Иван побежал в сени. Это был архимандрит Федос. Царевич, увидев его, подумал, что отец умер, – и так побледнел, что, несмотря на темноту, монах заметил это, благословляя его, и чуть-чуть усмехнулся.
Когда они остались с глазу на глаз, Федоска сел у камелька против царевича и, молча поглядывая на него, все с тою же, едва заметною усмешкою, начал греть озябшие руки над углями, то разгибая, то сгибая кривые пальцы, похожие на птичьи когти.
– Ну, что, как батюшка? – проговорил, наконец, Алексей, собравшись с духом.
– Плохо, – тяжело вздохнул монах, – так плохо, что и в живых быть не чаем…
Царевич перекрестился:
– Воля Господня.
– Видех человека, яко кедры Ливанские, – заговорил Федос нараспев, по-церковному, – мимо идох – и се не бе. Изыдет дух его и возвратится в землю свою; в той же день погибнут все помышления его…
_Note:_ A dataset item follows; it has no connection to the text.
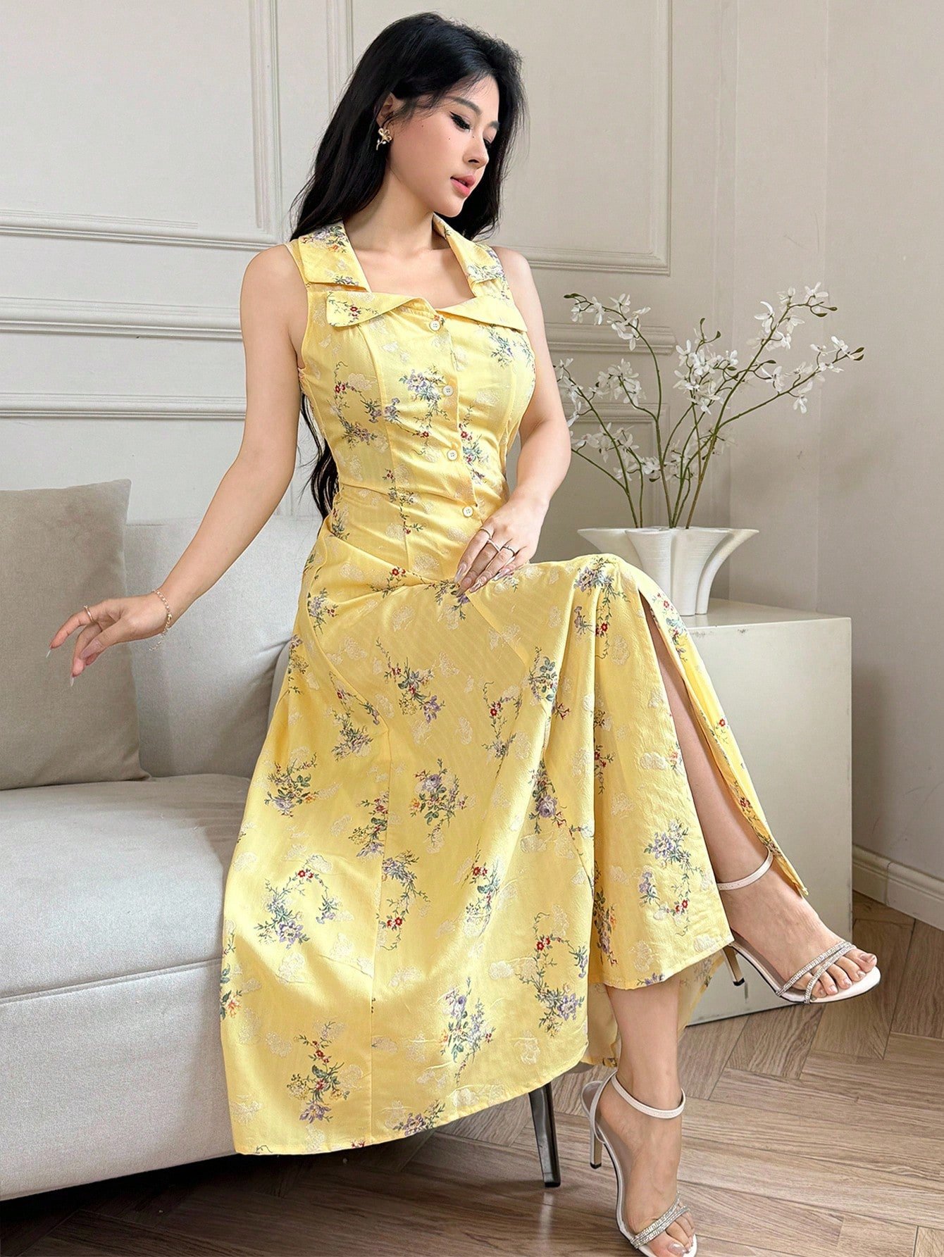 Vestido unicolor de cuello alzado con liga

Но вдруг оборвал, приблизил крошечное сморщенное личико свое к самому лицу Алексея и зашептал быстрым-быстрым, вкрадчивым шепотом:
– Бог долго ждет, да больно бьет. Болезнь государю пришла смертельная от безмерного пьянства, женонеистовства и от Божиего отмщения за посяжку на духовный и монашеский чин, который хотел истребить. Доколе тиранство будет над церковью, дотоле добра ждать нечего. Какое тут христианство! Нешто турецкая хочет быть вера, но и в турках того не делается. Пропащее наше государство!..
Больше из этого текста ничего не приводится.